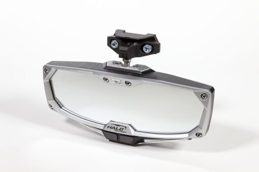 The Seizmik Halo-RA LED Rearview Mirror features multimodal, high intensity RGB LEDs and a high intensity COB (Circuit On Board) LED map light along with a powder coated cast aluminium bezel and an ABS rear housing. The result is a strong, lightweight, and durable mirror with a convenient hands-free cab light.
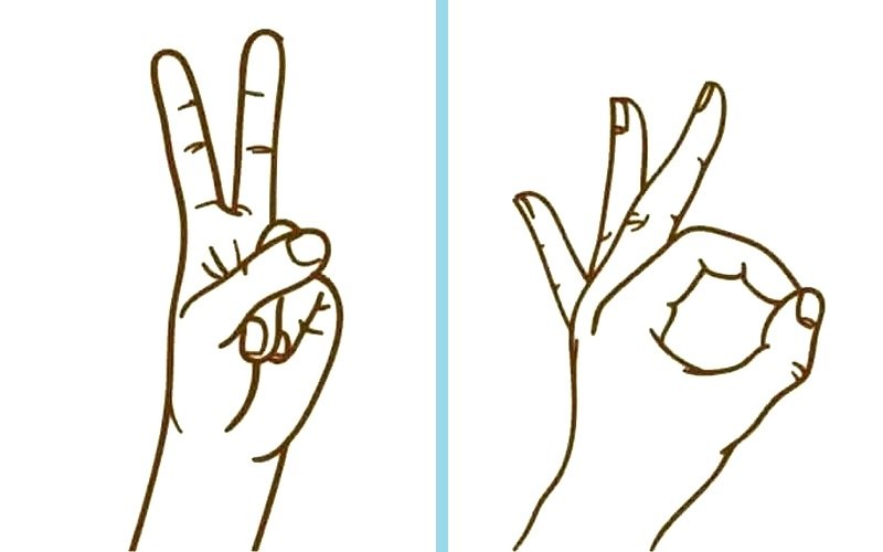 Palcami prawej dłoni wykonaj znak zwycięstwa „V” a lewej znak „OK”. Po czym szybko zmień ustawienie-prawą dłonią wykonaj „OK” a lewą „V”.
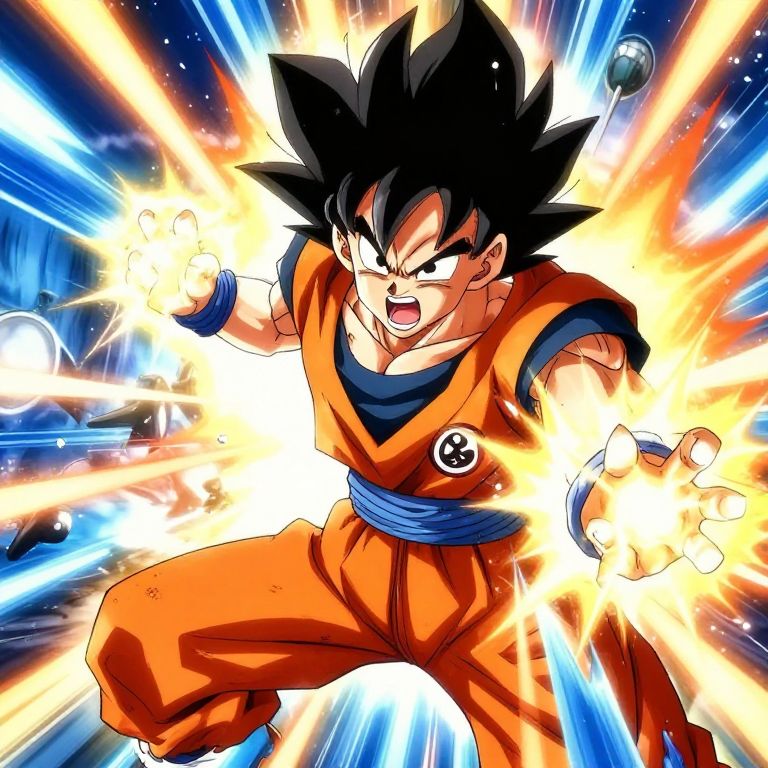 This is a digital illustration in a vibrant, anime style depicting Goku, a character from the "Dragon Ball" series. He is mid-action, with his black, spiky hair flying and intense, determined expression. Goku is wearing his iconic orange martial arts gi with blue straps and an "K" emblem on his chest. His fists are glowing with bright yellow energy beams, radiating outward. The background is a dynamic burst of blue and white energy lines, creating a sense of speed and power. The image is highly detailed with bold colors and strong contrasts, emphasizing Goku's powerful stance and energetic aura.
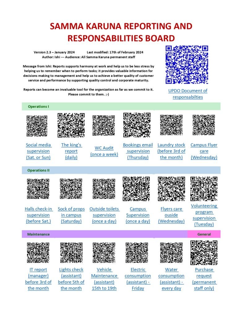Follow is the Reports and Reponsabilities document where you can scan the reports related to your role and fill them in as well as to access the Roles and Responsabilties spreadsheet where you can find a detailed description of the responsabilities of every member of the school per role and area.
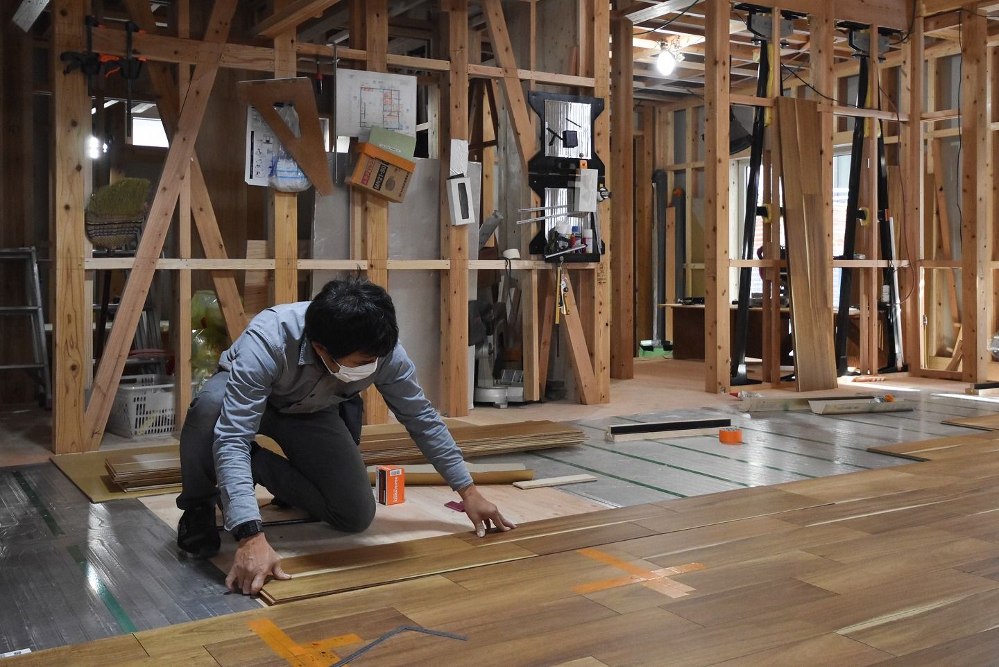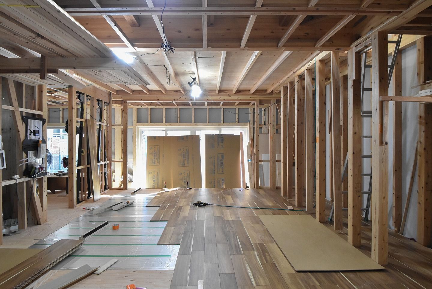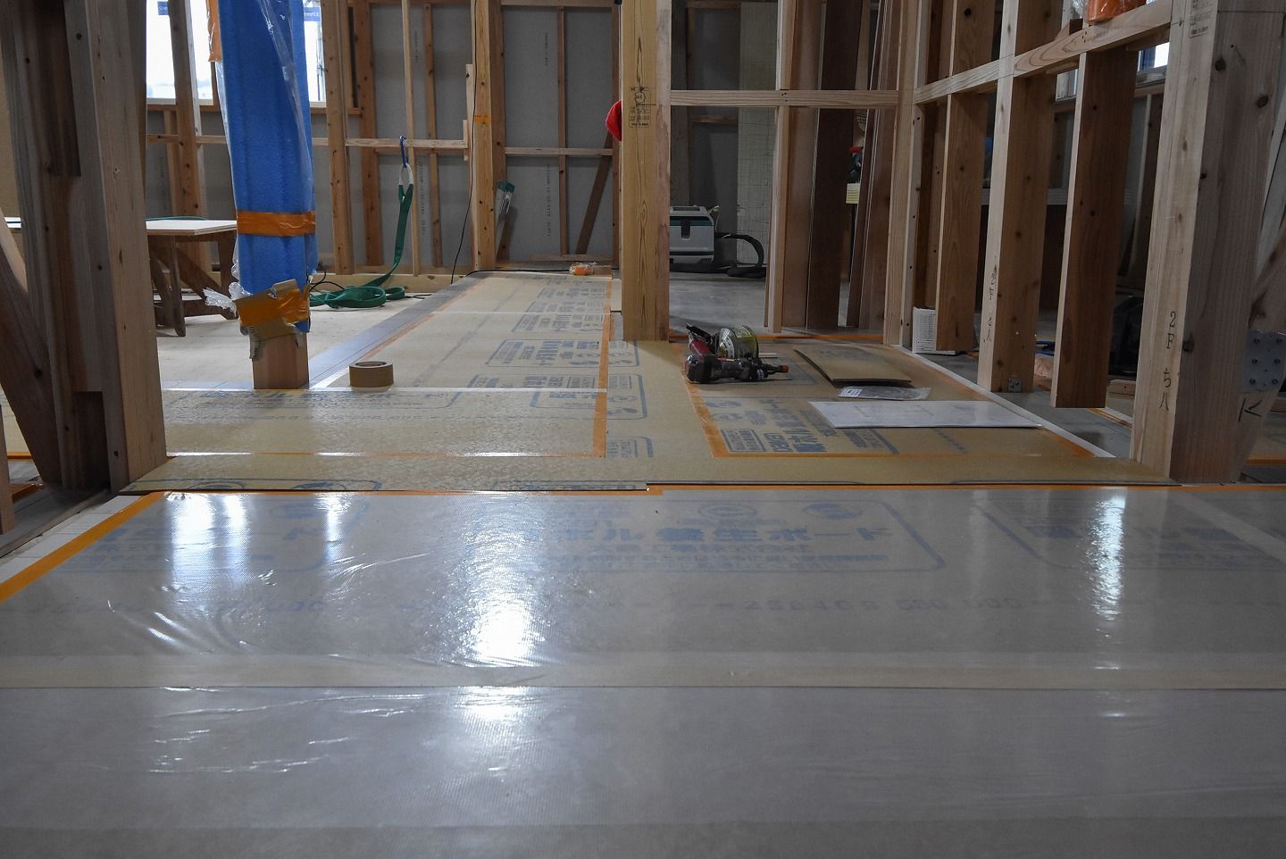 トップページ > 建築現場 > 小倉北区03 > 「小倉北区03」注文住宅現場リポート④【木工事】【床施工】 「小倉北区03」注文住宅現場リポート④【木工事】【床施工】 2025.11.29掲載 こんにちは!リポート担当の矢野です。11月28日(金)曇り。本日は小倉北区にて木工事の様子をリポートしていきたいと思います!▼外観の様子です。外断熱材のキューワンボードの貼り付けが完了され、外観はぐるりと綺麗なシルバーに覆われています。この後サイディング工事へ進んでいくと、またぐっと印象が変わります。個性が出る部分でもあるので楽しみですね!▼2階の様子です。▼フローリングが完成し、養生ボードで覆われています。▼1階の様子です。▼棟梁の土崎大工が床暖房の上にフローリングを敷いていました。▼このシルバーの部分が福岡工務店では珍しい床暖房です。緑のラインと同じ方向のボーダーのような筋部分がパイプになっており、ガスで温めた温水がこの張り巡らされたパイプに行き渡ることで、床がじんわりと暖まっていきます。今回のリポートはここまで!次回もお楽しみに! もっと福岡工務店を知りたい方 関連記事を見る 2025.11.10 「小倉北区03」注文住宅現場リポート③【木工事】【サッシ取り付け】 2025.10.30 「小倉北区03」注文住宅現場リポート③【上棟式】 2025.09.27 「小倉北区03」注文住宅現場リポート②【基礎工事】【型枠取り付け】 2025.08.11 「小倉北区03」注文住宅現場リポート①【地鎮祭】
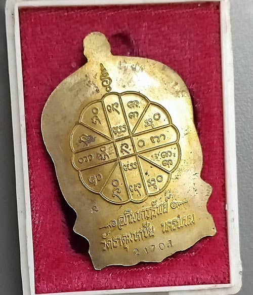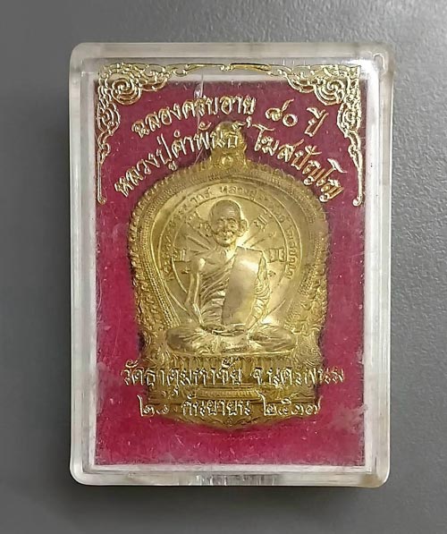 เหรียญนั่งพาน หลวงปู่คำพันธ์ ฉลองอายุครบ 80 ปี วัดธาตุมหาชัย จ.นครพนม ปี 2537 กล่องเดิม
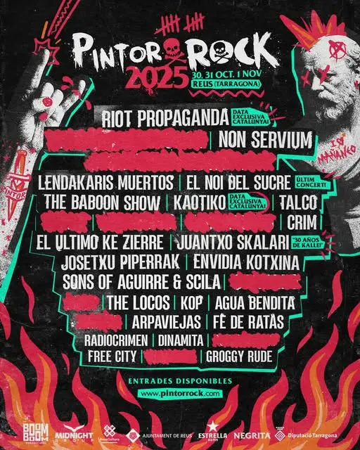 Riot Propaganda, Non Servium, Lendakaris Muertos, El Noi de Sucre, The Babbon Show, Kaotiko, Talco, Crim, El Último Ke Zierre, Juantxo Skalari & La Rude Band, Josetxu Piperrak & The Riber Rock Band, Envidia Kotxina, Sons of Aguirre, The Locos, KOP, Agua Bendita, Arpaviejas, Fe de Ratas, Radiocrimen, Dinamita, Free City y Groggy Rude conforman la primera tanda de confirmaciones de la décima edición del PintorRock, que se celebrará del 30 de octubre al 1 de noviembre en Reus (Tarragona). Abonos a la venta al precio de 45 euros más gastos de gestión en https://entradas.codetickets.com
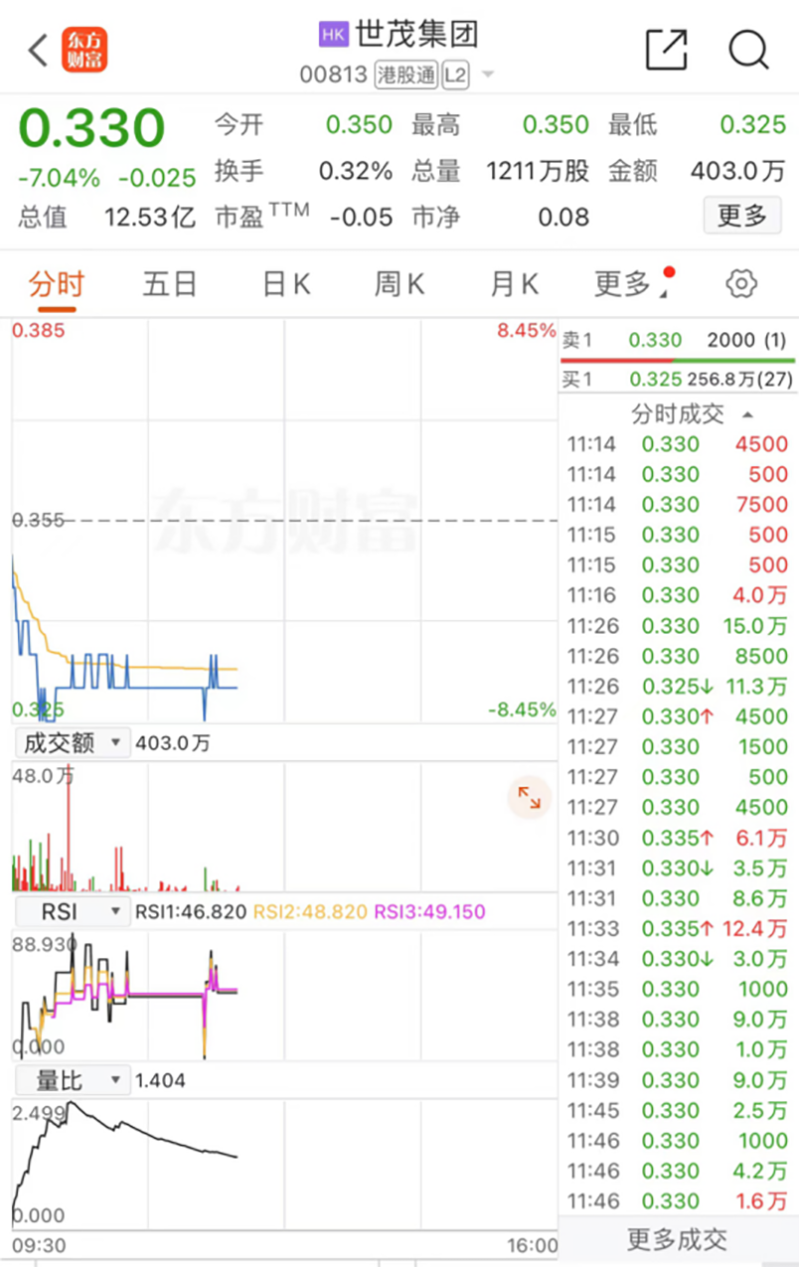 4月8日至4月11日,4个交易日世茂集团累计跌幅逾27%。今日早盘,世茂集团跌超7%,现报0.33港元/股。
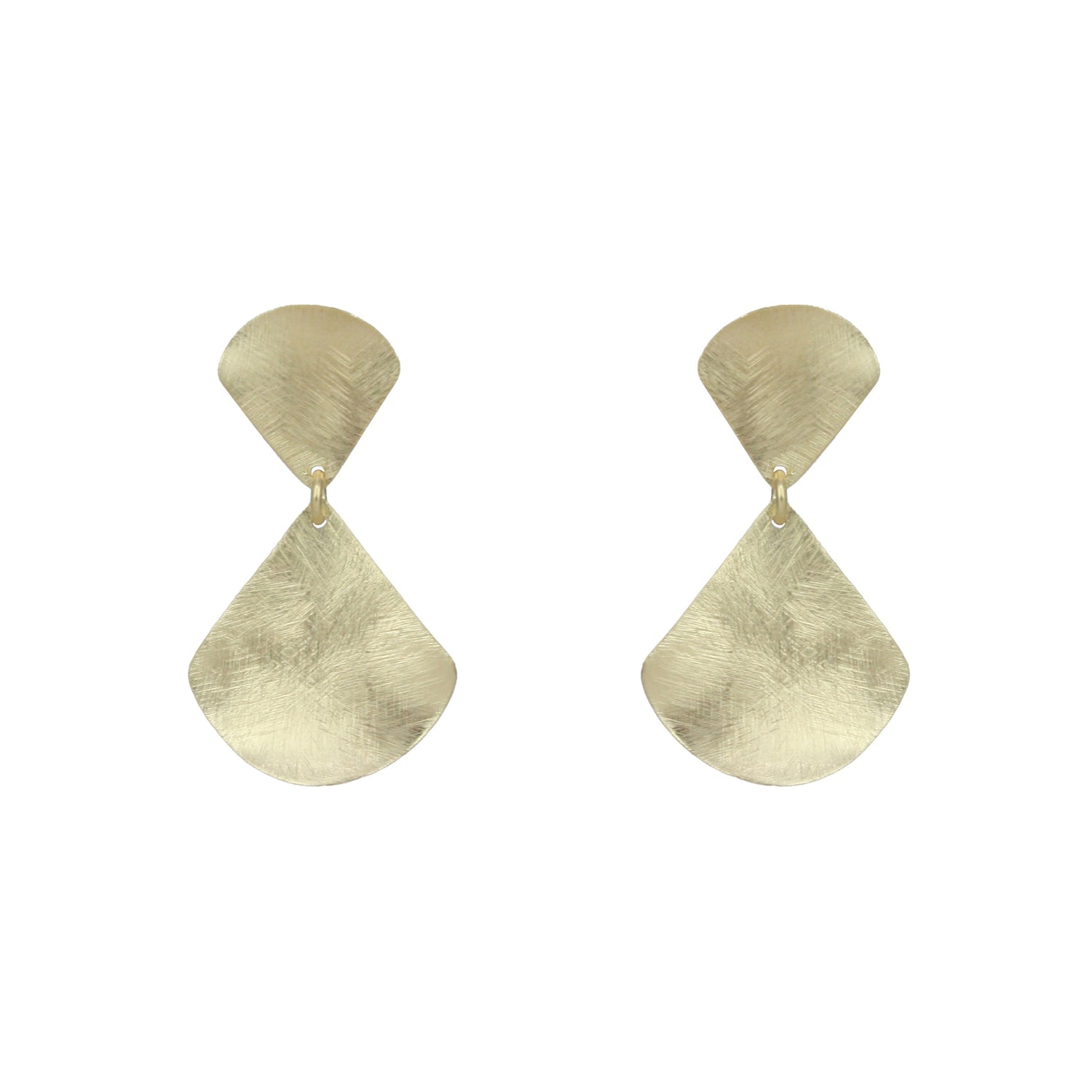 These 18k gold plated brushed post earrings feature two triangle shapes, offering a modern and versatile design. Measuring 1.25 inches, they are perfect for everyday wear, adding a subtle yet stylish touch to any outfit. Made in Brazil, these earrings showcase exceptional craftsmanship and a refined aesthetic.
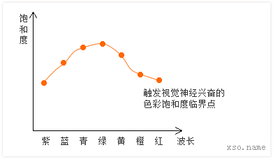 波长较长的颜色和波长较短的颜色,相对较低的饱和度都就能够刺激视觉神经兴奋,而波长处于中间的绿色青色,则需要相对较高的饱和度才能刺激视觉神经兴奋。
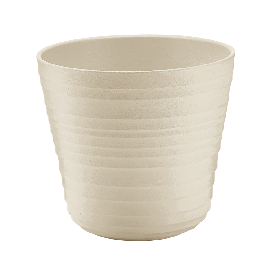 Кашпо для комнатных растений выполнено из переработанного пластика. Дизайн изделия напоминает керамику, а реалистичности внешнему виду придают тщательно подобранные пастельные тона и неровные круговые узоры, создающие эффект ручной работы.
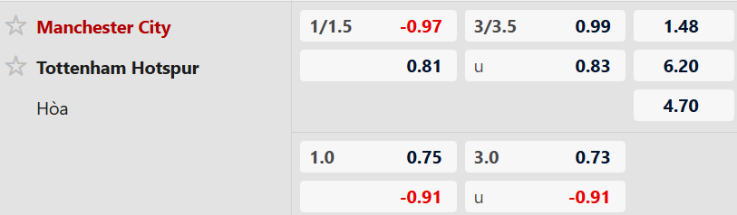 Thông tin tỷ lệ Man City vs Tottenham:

EXERCISE OBJECTIVE | Output exactly, and only, the lines of the entries above from the one with "Palcami prawej dłoni" up to and including the one with "This is a digital"; pictures are to be left out.

SOLVED EXERCISE |
 Palcami prawej dłoni wykonaj znak zwycięstwa „V” a lewej znak „OK”. Po czym szybko zmień ustawienie-prawą dłonią wykonaj „OK” a lewą „V”.
 This is a digital illustration in a vibrant, anime style depicting Goku, a character from the "Dragon Ball" series. He is mid-action, with his black, spiky hair flying and intense, determined expression. Goku is wearing his iconic orange martial arts gi with blue straps and an "K" emblem on his chest. His fists are glowing with bright yellow energy beams, radiating outward. The background is a dynamic burst of blue and white energy lines, creating a sense of speed and power. The image is highly detailed with bold colors and strong contrasts, emphasizing Goku's powerful stance and energetic aura.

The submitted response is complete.